Project ID Assignment: ENM-6: Relationships Between ENM Geometry on Biological Outcomes :
Nanowires
Jeffrey I. Zink
Abstract: Interest in high aspect ratio nanomaterials evolved from the history of fiber toxicology. High
aspect ratio materials such as asbestos, carbon nanotubes and TiO2 nanowires lead to frustrated
phagocytosis and inflammatory responses in cells. However most research only explored a very limited
number of lengths and aspect ratios, and it is therefore not clear what is the critical length and aspect
ratio that can induce such an effect. To address this question, we will synthesize a cerium oxide (CeO2)

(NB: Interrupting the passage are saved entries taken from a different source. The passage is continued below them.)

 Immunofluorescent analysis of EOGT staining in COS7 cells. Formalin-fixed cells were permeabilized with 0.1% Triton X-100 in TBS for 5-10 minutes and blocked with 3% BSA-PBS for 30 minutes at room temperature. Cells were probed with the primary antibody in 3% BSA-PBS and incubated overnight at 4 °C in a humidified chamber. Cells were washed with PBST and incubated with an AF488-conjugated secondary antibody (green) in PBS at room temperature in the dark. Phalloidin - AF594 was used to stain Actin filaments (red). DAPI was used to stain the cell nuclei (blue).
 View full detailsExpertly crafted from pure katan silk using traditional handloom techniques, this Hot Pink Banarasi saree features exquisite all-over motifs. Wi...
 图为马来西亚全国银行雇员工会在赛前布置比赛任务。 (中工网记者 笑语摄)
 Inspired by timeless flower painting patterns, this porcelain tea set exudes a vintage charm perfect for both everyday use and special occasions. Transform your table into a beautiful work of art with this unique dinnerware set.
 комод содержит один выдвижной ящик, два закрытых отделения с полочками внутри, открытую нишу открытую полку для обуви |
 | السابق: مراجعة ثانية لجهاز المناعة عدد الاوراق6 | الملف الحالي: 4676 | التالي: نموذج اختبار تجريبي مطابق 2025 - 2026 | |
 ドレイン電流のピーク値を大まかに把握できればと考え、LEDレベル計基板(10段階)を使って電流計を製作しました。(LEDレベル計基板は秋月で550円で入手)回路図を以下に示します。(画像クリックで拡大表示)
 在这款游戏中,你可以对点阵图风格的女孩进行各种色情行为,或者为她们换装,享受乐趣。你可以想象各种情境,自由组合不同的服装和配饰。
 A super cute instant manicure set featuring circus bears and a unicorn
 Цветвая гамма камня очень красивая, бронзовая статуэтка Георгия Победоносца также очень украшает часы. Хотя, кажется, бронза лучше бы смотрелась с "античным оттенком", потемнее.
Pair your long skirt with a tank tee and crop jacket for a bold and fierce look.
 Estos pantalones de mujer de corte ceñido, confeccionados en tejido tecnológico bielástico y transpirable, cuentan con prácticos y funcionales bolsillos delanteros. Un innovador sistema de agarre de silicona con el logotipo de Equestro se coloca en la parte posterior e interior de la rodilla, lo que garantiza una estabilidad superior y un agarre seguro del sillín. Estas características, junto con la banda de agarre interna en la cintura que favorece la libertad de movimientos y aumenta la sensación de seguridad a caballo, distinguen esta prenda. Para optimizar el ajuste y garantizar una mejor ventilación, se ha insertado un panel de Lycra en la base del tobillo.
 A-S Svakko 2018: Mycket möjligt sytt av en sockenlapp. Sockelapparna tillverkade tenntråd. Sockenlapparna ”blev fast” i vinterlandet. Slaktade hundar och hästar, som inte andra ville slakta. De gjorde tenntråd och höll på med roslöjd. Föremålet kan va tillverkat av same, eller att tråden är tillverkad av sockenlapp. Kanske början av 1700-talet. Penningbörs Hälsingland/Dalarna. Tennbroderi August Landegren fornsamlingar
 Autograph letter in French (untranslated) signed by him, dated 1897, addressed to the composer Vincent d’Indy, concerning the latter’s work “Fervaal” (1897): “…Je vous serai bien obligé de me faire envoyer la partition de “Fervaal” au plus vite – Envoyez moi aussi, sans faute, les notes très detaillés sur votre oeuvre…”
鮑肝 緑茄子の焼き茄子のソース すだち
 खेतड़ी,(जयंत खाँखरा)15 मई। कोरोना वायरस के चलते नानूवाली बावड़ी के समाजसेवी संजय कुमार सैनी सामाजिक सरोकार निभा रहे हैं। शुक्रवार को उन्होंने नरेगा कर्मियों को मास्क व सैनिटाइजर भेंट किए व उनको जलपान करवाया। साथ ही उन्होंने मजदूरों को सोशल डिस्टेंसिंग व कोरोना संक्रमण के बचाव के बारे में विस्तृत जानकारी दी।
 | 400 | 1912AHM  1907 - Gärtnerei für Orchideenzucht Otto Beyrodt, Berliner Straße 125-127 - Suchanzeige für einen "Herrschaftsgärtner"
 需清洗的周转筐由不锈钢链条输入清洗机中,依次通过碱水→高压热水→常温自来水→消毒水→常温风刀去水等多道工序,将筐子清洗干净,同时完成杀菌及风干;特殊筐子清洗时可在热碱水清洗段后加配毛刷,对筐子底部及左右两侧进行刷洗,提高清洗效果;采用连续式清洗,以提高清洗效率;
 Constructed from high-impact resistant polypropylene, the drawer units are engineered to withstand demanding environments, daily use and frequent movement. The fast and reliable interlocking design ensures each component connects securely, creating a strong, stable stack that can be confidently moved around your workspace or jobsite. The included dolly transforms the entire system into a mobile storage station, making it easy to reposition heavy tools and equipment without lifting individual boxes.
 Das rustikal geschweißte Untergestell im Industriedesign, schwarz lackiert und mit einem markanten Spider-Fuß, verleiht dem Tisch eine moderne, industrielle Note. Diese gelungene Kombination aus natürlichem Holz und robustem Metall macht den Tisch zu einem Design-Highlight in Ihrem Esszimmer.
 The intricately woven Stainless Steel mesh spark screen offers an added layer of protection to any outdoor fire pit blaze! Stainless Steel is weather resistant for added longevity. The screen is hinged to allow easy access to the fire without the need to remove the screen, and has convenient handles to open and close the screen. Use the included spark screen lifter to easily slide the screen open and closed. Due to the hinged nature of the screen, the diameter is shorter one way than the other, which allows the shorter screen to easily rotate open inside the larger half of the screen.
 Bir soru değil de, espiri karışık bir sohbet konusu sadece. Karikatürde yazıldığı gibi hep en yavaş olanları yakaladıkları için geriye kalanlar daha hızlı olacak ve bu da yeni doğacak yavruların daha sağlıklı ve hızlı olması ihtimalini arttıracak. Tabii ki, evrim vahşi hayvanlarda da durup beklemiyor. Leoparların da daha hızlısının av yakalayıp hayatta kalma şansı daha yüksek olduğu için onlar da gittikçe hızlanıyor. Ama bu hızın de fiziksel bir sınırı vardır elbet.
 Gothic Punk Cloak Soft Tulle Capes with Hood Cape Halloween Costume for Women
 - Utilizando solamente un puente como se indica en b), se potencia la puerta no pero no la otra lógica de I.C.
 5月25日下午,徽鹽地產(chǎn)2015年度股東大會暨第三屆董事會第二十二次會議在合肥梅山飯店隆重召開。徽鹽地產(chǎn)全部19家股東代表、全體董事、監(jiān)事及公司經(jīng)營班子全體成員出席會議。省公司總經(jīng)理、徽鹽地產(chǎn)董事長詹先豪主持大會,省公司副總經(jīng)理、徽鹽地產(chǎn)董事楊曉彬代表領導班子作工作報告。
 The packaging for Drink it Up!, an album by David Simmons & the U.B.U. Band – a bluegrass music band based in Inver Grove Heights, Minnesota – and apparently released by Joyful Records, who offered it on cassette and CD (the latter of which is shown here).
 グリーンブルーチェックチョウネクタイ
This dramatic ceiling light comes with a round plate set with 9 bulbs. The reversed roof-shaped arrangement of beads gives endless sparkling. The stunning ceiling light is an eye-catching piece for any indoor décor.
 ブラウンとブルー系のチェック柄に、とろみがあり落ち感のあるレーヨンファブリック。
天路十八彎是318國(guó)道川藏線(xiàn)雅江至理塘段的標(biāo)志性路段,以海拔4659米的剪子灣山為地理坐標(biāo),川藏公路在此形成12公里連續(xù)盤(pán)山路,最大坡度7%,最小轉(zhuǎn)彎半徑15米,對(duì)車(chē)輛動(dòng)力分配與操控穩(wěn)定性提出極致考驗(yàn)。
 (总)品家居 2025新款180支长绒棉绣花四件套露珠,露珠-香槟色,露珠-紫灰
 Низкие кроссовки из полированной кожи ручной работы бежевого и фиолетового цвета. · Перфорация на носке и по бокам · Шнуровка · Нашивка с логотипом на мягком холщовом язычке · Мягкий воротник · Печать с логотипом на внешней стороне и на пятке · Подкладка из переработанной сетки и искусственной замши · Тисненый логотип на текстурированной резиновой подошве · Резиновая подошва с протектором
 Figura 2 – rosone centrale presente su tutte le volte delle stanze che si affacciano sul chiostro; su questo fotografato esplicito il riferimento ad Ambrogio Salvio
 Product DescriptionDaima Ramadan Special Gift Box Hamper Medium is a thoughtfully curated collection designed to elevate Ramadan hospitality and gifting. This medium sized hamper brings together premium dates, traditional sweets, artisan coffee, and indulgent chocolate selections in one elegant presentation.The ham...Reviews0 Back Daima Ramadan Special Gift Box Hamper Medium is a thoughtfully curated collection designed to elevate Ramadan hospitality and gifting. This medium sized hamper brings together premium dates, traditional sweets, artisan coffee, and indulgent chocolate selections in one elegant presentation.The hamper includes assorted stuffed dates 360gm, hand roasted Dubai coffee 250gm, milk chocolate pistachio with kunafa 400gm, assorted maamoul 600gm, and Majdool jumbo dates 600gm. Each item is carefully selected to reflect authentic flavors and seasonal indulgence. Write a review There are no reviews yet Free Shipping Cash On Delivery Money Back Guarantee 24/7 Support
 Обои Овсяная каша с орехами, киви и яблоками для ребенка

nanorod library with a wide range of aspect ratios. The advantage of using CeO2 is that it is biologically
inert, and thus studies of the length and aspect ratio will not be complicated by intrinsic toxicity. By
controlling the hydrothermal synthesis composition and conditions, CeO2 nanorods and nanowires with
precisely controlled lengths and aspect ratios will be made. Preliminary results show that nanorods
obtained with the CeCl3 concentration varying by a factor of ten while keeping other synthesis
composition and conditions constant range in length from 110 to 30 nm (with a constant diameter). The
aspect ratios will be further tuned by adjusting the other synthesis parameters. The successful creation
of nanorod/nanowire combinatorial libraries will allow a pure length and aspect ratio effect on
biological response to be studied in a systematic manner. We will also synthesize other nanowire
libraries of materials such as vanadia and manganese oxide to attempt to further demonstrate that
nanowire length plays an important role in high aspect ratio nanomaterial toxicity.